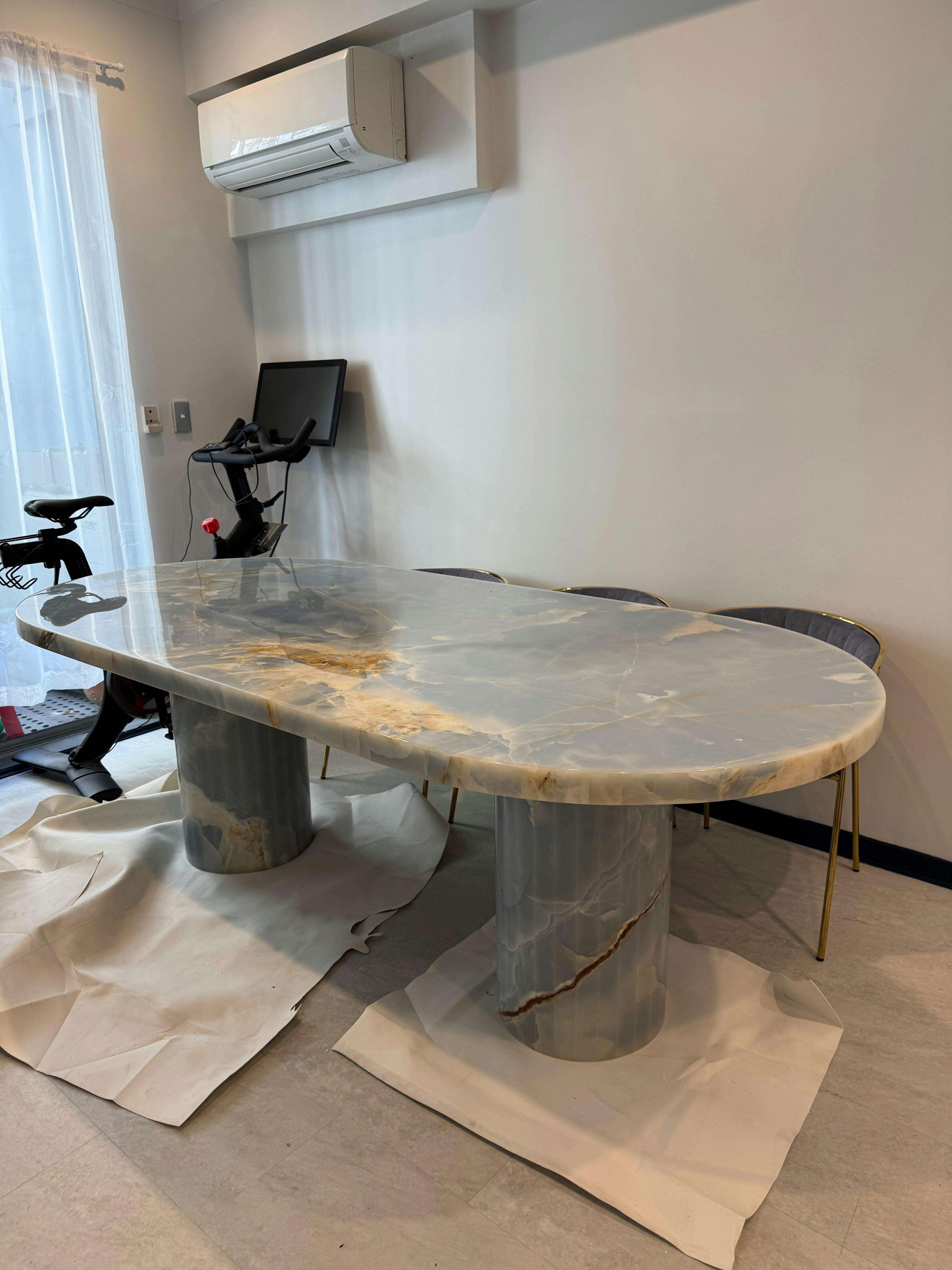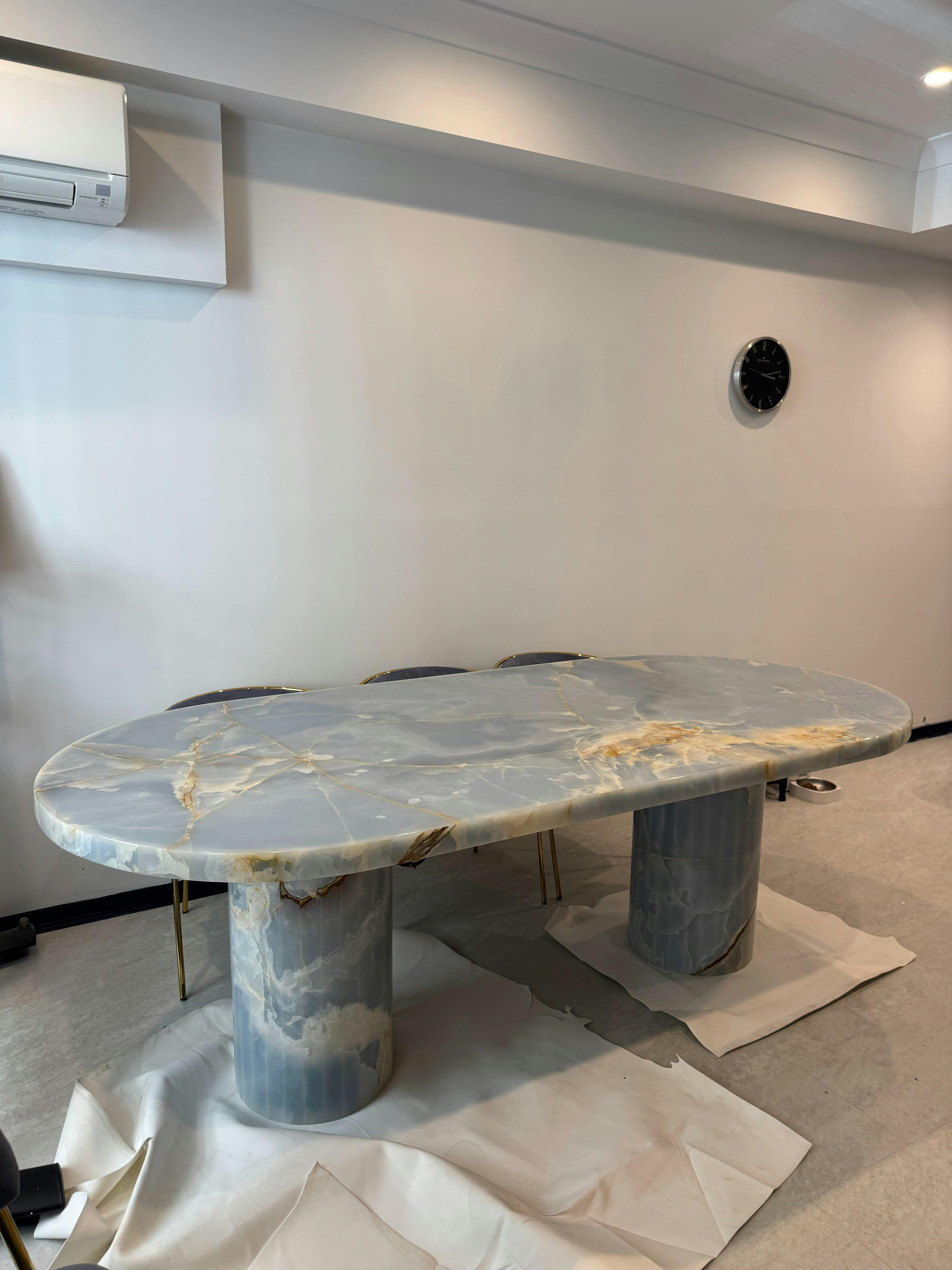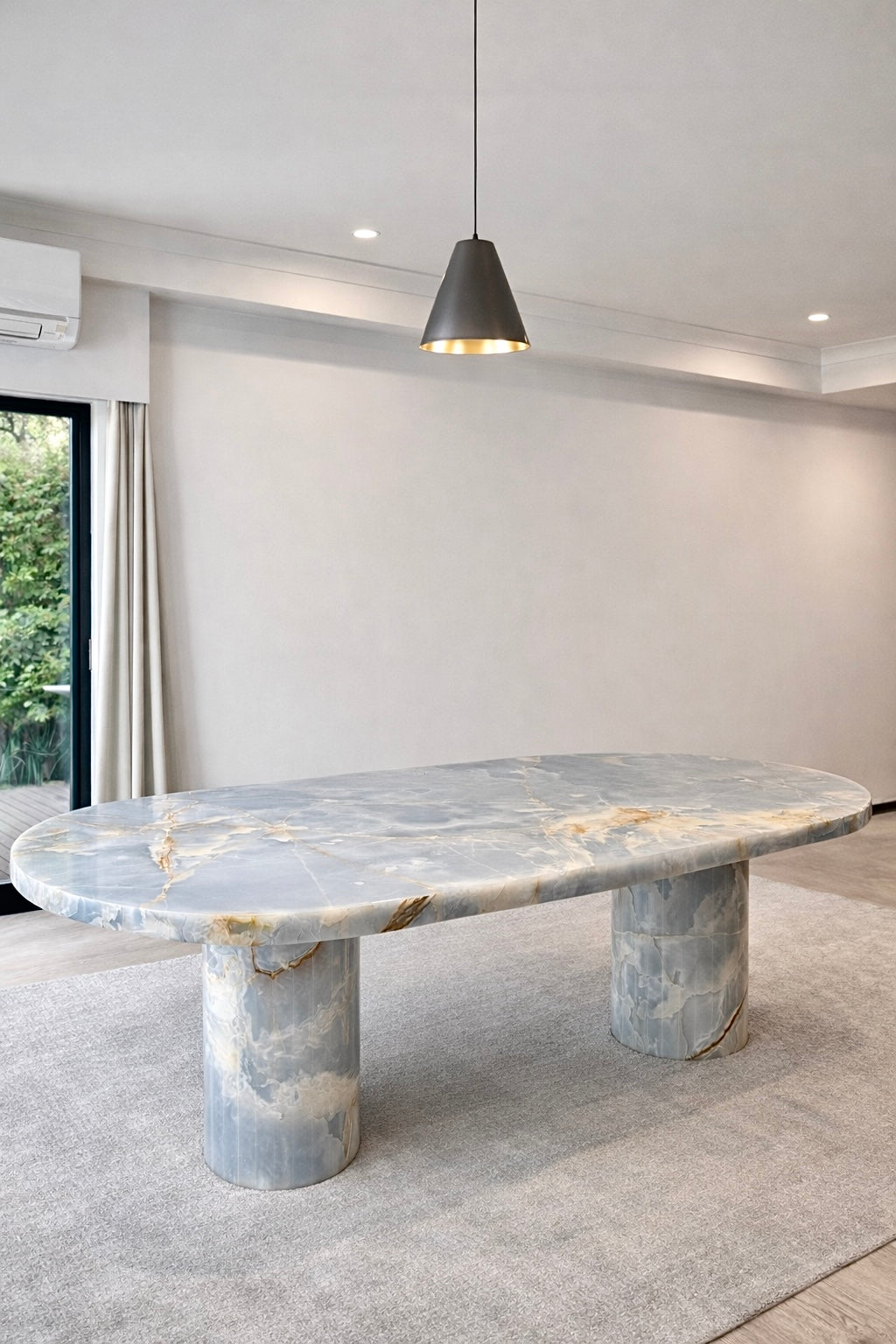 A breathtaking statement piece in rare Blue Onyx, this dining table brings sculptural elegance to any interior. The natural stone features soft cloud-like blues with subtle honey and ivory veining.
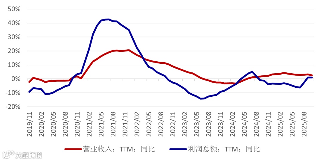 上周统计局公布了10月份的工业企业利润数据。从累计同比数据看,规模以上的工业企业营收和利润增速为1.8%和1.9%,较上个月的2.4%和3.2%有明显的下降。考虑到季节性因素,我们用滚动12个月的TTM数据进行测算,测算结果表明,营收增速从3.19%下降至2.61%,而利润增速从0.99%小幅回升至1.01%。
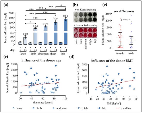 The formation of mineralized matrix by Ad-MSCs varies depending on the donor site. Ad-MSCs derived from adipose tissue of the knee (N = 12), limb (N = 11), abdomen (N = 11), thigh (N = 12), and hip (N = 12) were osteogenically differentiated for 14 days. (a) Matrix mineralization was quantified by Alizarin Red staining on days 0 and 14 of differentiation; (b) Representative scan of von Kossa- and Alizarin Red-stained Ad-MSCs from the different donor sites; (c) Mineralized matrix formed by differentiated (day 14) Ad-MSCs as a function of the donor age; (d) Mineralized matrix formed by differentiated (day 14) Ad-MSCs as a function of the donor BMI; (e) Comparison of the matrix mineralization of differentiated (day 14) Ad-MSCs from male and female donors; °°° p < 0.001 when comparing day 0 with day 14 within each group; * p < 0.05 and *** p < 0.001 as indicated.
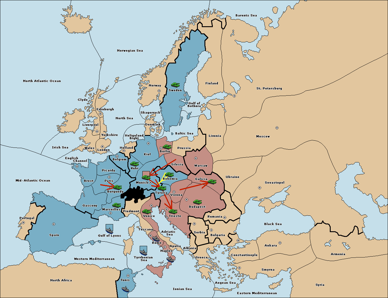 The army at Tyrolia move to Trieste.
- - -
**PROMPT**
Repeat the listing above in full, exactly, and omit its pictures.

**FINISHED EXERCISE**
 A breathtaking statement piece in rare Blue Onyx, this dining table brings sculptural elegance to any interior. The natural stone features soft cloud-like blues with subtle honey and ivory veining.
 上周统计局公布了10月份的工业企业利润数据。从累计同比数据看,规模以上的工业企业营收和利润增速为1.8%和1.9%,较上个月的2.4%和3.2%有明显的下降。考虑到季节性因素,我们用滚动12个月的TTM数据进行测算,测算结果表明,营收增速从3.19%下降至2.61%,而利润增速从0.99%小幅回升至1.01%。
 The formation of mineralized matrix by Ad-MSCs varies depending on the donor site. Ad-MSCs derived from adipose tissue of the knee (N = 12), limb (N = 11), abdomen (N = 11), thigh (N = 12), and hip (N = 12) were osteogenically differentiated for 14 days. (a) Matrix mineralization was quantified by Alizarin Red staining on days 0 and 14 of differentiation; (b) Representative scan of von Kossa- and Alizarin Red-stained Ad-MSCs from the different donor sites; (c) Mineralized matrix formed by differentiated (day 14) Ad-MSCs as a function of the donor age; (d) Mineralized matrix formed by differentiated (day 14) Ad-MSCs as a function of the donor BMI; (e) Comparison of the matrix mineralization of differentiated (day 14) Ad-MSCs from male and female donors; °°° p < 0.001 when comparing day 0 with day 14 within each group; * p < 0.05 and *** p < 0.001 as indicated.
 The army at Tyrolia move to Trieste.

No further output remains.